Exactly on what basis do you imagine going from pairs to singles, and singles to pairs? What would be the meaning of the mapping? Based on embeddings?
You could say my old 2000 system was a system for going from singles to multiples in exactly this way. It expanded single sentences to many triplets (and pairs, and single words) on the basis of shared embeddings.
What was interesting was that these generated “stacks” not only had similar meaning to the submitted string, they also generated a hierarchical structure for it (because it turns out there’s a preferred order for sub-embeddings.)
Maybe I should spin up my old online demo so you can play with that.
I think i made that a little vague, but its as vague as my current thoughts to be fair.
the basis would be that if we we could store embedding to embedding mappings in a neural net, maybe we could use it to guess other mappings even if they are not explicitly stored in it and then update the network with this information so that it can generalize better.
it would be kinda like this.
first we have a stack.
(“is cat quadruped”)
system 1 has no answer to that specific question but it still has simething so it just spits out whatever it has.
(“is cat a quadruped”, “cat is mamal”)
system 2 detects an inconsistency and elaborates a new question.
(“is cat quadruped”, “cat is mamal”, “is mamal quadruped”)
systrm 1 runs again but this time it has an answer.
(“is cat quadruped”, “cat is mamal”, “is mamal quadruped”, “mamal is quadruped”)
system 3 detects a consistency so it colapses one level of the stack.

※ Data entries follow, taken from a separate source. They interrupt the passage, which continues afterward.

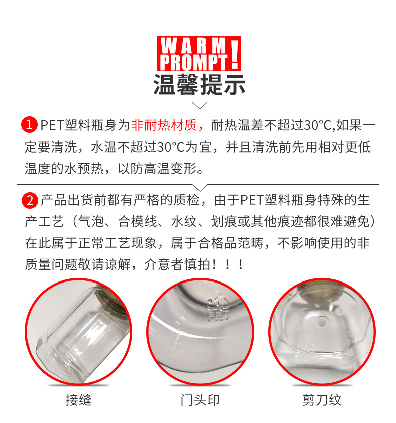 本链接冲量低价销售(普通塑料瓶子只保瓶身不漏水),瓶身有划痕或印记属正常现象,非质量问题都不在售后处理范围,追求的请慎拍哦! 店铺还有其他加厚的瓶子可选,详询客服。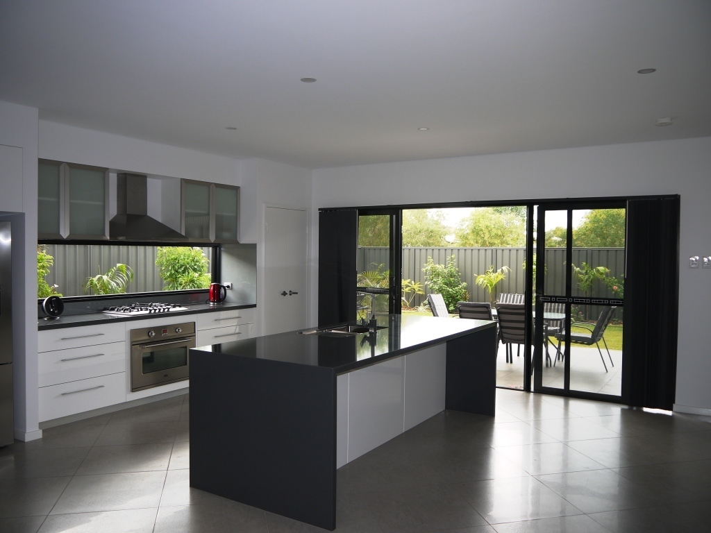 KITCHEN- the kitchen is a dream. Equipped with Ilve oven, Bosch dishwasher and cook top, charcoal granite island bench and a splash back that is a window view to the garden. Entertaining is easy on the patio with a bar-b-que, or serve straight from the kitchen through the double glass doors.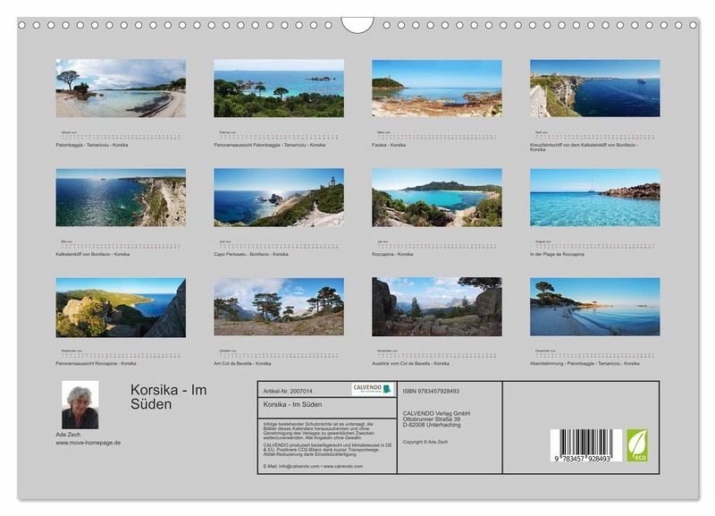 QUALITÄT - Hochwertiger Fotokalender mit 12 wunderschönen Motiven auf lichtbeständigem Bilderdruckpapier, robuste Spiralbindung mit Aufhängebügel.NACHHALTIG - deutliche Abfallreduzierung durch bedarfsgerechte Einzelstückfertigung, umweltfreundliches FSC-zertifiziertes Papier, Produktion in Deutschland, klimabewusste Logistik.PERFEKTES GESCHENK - Kalender für Freunde und Familie, für Kinder und Erwachsene, jung und alt, zu Weihnachten, Geburtstag oder zwischendurch.VIELFALT - Bildkalender in verschiedenen Formaten, z.B. DIN A5, DIN A4, DIN A3 sowie DIN A2. Ob Naturmotiv, Gemälde oder Fotos, ideal für ein persönliches Wohlfühlambiente.Der Süden Korsikas zeigt sich mit einer wunderbaren Vielfalt an herrlichen Landschaften von Autor(in): Adolf Zech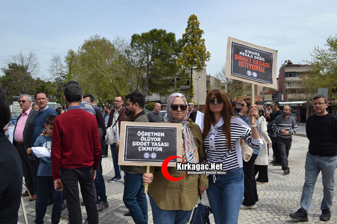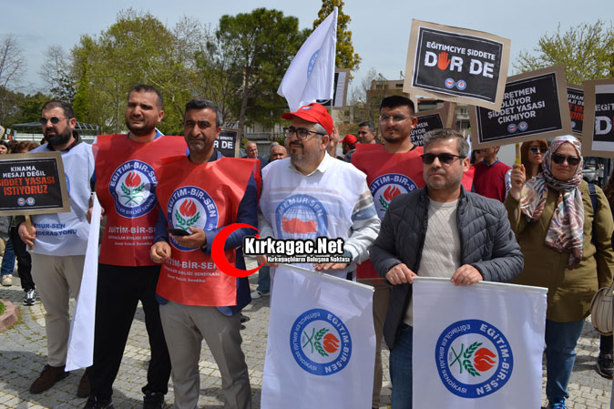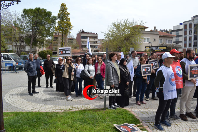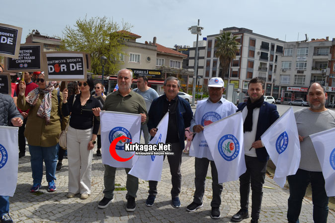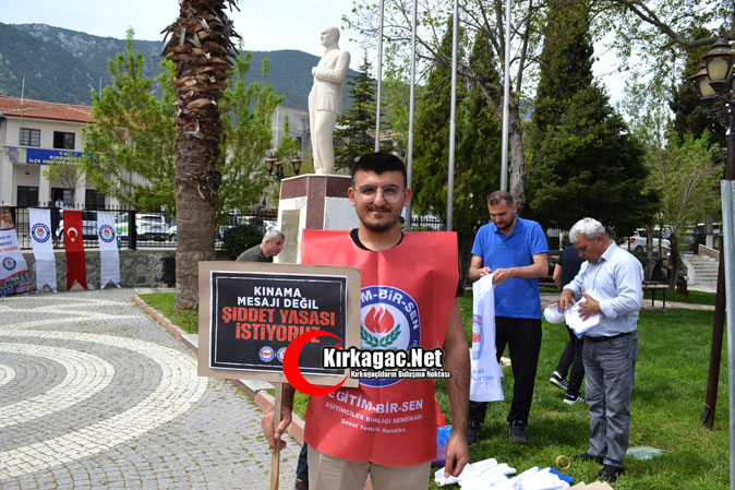 Kırkağaç’ta Saat Kulesi önünde toplanan sendika üyeleri “Susma Haykır Şiddete Hayır ve Öğretmen Ölüyor, Kanun Çıkmıyor, ” sloganları atarlarken, Kırkağaç Eğitim Bir-Sen İlçe Temsilcisi Turgay Akbayrak’ta toplanılan kalabalığa bir konuşma yaparak hain saldırıya tepki gösterdi.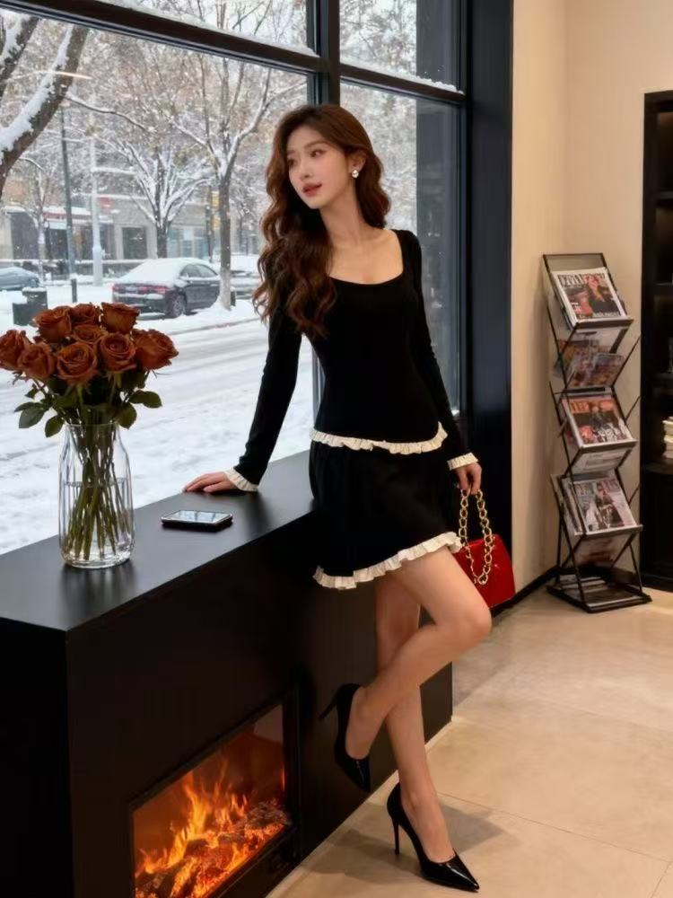 FA48292# 韩系纯欲风千金方领荷叶边长袖秋冬新款时尚收腰精致连衣裙 服裝批發女裝批發服飾貨源

(“is cat quadruped”, “cat is mamal”, “mamal is quadruped”)
colapses it again.
(“is cat quadruped”, “cat is quadruped”)
now the answer is directly stored in system 1 so that it can anser right away.
I’m pretty sure one could implement that in python using noting but dictionaries.
but I still wonder what could happen of we were to implement this in neural nets and keep training it on its own generated answers.
Well, same thing again. I think there’s a parallel with what I did. Only you are evaluating “truth” values, whereas I evaluated sequence predictions.
In my system, to try to build a parallel with yours, you might have a question whether AX is a valid sequence in the language:
(AX?)
The system doesn’t know, so it “spits out” what it does know, which is that AB is an observed sequence.
(AX?, AB)
The system detects there’s no connection between X and B, so it “asks” if one can be found, and finds it in observed sequences (CX, CB):
(AX?, AB, CX, CB)
The system detects a link between X and B in the sense they share context in C, so it “collapses” X and B into a class which shares contexts, and allows AX on the basis that AB is observed, and X and B are observed to share context C.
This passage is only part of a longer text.